Глава 5 Нет ничего постояннее временного

Воррин, не моргнув глазом, ответил и его лицо выражало самую искреннюю озабоченность безопасностью:

— Потому что мы ценим безопасность нашего груза превыше всего, Рос. Там… там очень важные для наших сородичей в Оша вещи. Инструменты, лекарства, соль, специи, немного продовольствия. Ну, может быть, пара клинков и связок арбалетных болтов. А ты… — он широко улыбнулся, обнажив крепкие, желтоватые зубы, — ты один стоишь десятерых, мы это видели своими глазами в той стычке. Твоя репутация, подтверждённая знаком «Гве-дхай-бригитт», лучшая гарантия безопасности. К тому же, — он подмигнул, — мы надеялись поближе познакомиться с тобой в дороге. Узнать тебя лучше, как друга нашего клана.

Я усмехнулся про себя.

Хитёр Воррин, ой, хитёр. Пытается заманить меня поближе к Туманным горам, надеясь, что я передумаю или ввяжусь в конфликт уже на месте. «Простой контракт на охрану», как же. Но, с другой стороны, почему бы и нет? Не то чтобы меня интересовали деньги.

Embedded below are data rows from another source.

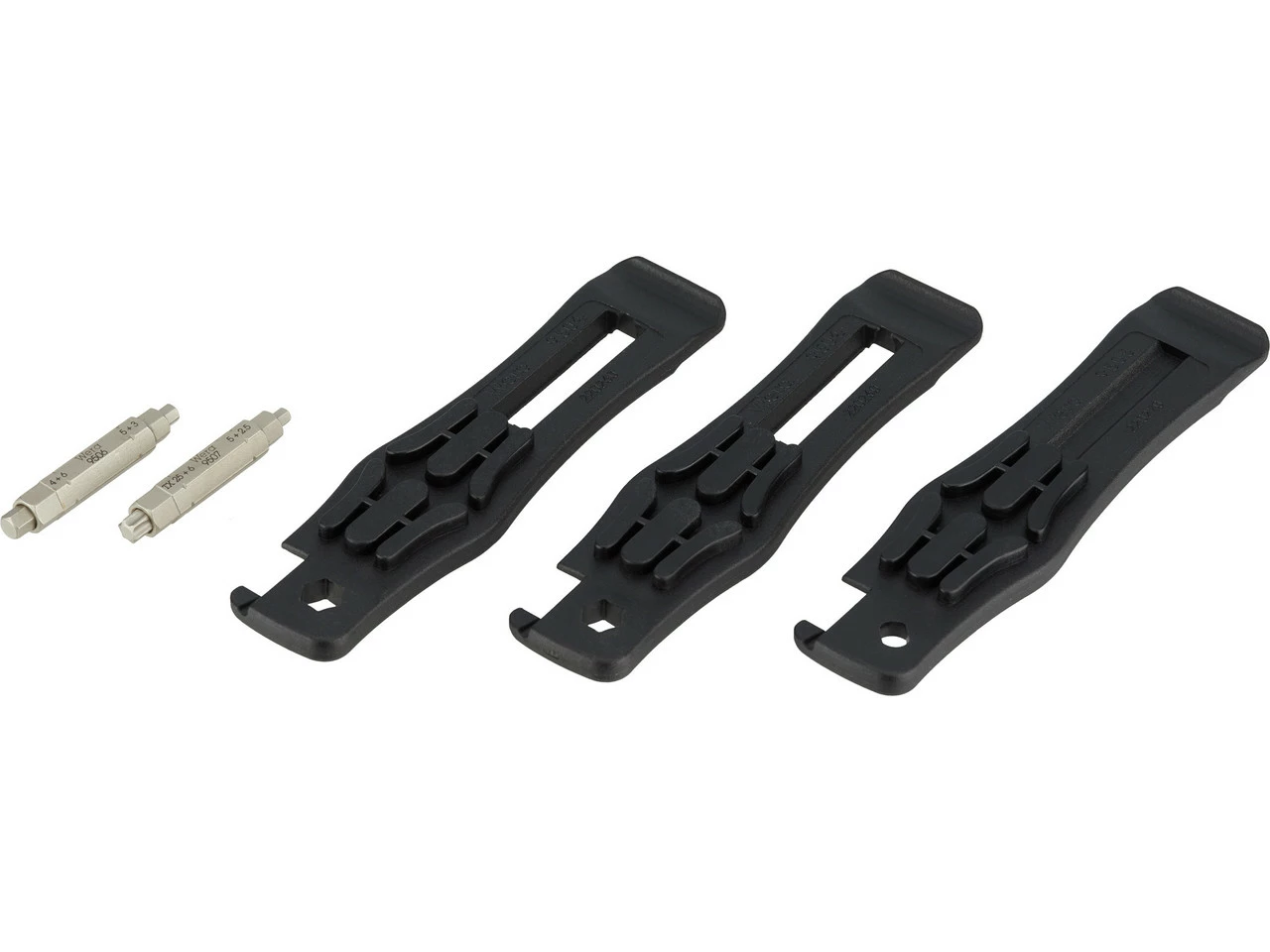 El set Bycicle 15 de Wera consta de tres desmontadores de cubiertas de plástico reforzado con fibra de vidrio y dos bits combinados. Uno de los desmontadores de cubiertas se puede utilizar como herramienta para válvulas, y los otros dos tienen una fijación de puntas de 1/4″ , por lo que pueden convertirse en una herramienta de atornillado. Los bits 4 en 1 combinan cuatro tamaños de llaves de vaso hexagonales o tres tamaños de llaves de vaso hexagonales y una Torx T25.
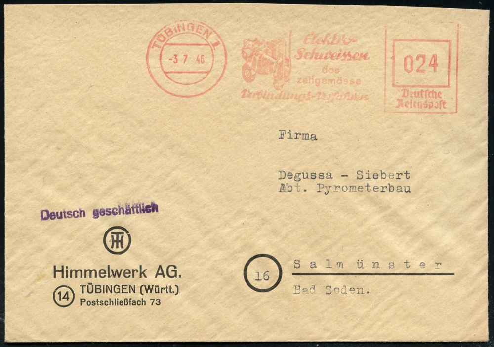 4584 | 25 € | 7400 TÜBINGEN : TÜBINGEN 1/ Elektro-/ Schweissen/ d./ zeitgemässe/ Verbindungs-Verfahren 1946 (3.7.) aptierter AFS Francotyp "Reichsadler" = entfernt = Notmaßnahme! (Elektro-Schweißgerät) Firmen-Bf.: Himmelwerk AG.. (Dü.E-13 J-129o) | ![]() | |
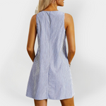 Ši dryžuota suknelė yra puikus pasirinkimas šiltomis dienomis, siūlanti komfortą ir eleganciją pačiu paprasčiausiu būdu.
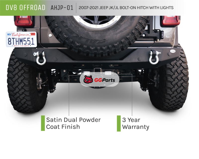 DV8 Offroad 07-21 Jeep Wrangler (JK/JL) Bolt-On Hitch w/ Lights
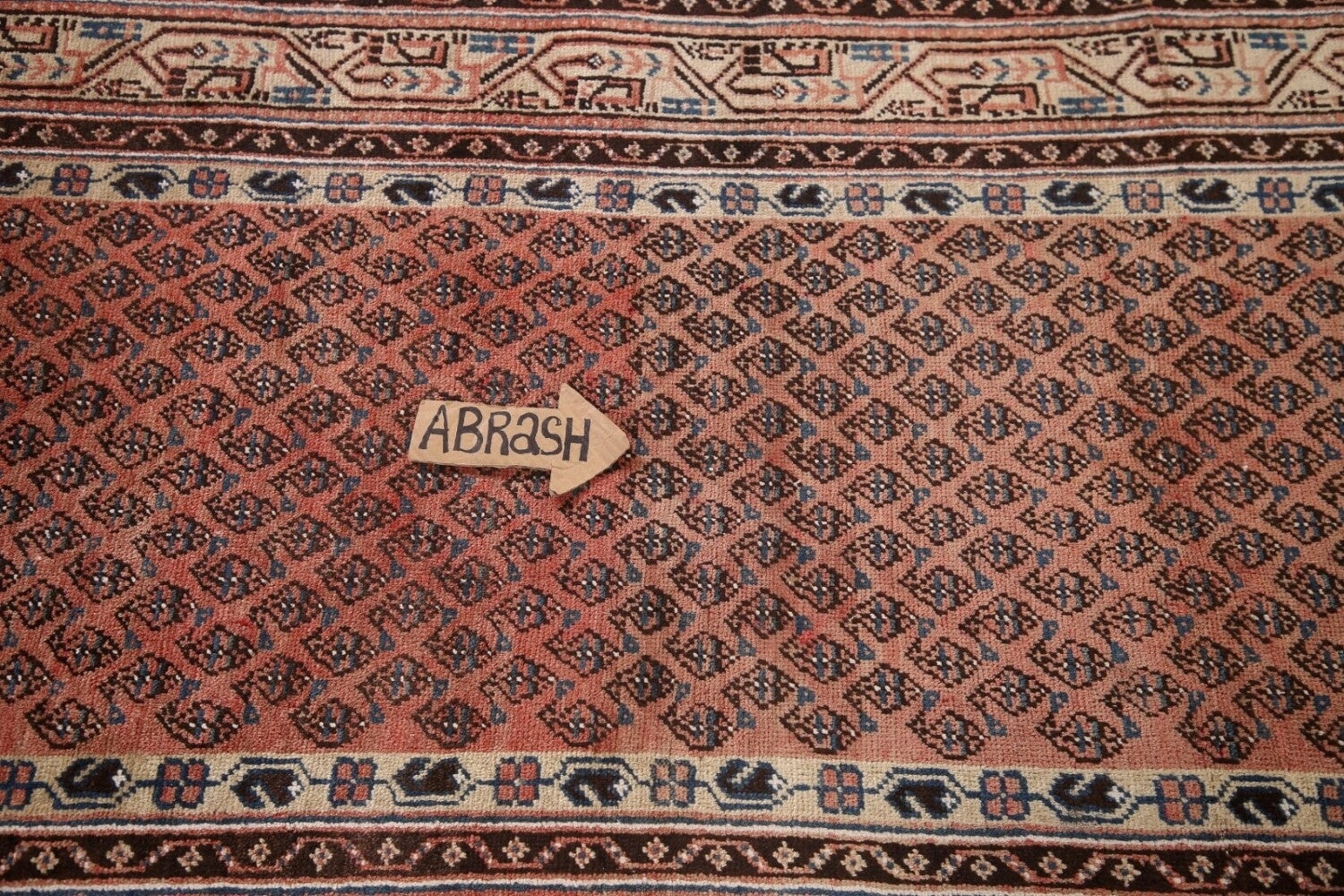 A Beautiful Genuine Persia ( Persia ) Botemir rug is Hand Knotted by skillful weavers in Persia ( Persia ) with 100% Wool Material. This rug is in Very Good (Abrash-Repair) condition. dimensions are 10' 7'' X 3' 3'' in foot and 323 X 99 in centimeter. the primary color is Pink.

Было то, что Воррин при всём желании не мог знать. Во-первых, после Кайенна я был не то, чтобы сказочно богат, но уж точно не беден, хотя большинство рыцарей так активно просаживают свои доходы, что в массе своей ходят бедными, тем более что рыцарские кодексы в тех или иных формулировках запрещают рыцарям заниматься бизнесом. А во-вторых, в мире Гинн я был весьма одинок. И следование своему пути, в возможно пустой и разорённый домен Пинаэрри было моей целью не потому, что это так важно, а потому что другой достойной цели у меня не было. Я оторван в пространстве и времени от своей семьи, от приятелей, от всего своего прошлого мира. Я был буквально одинок и выражение «никому не нужен» стало мне сейчас как никогда понятно.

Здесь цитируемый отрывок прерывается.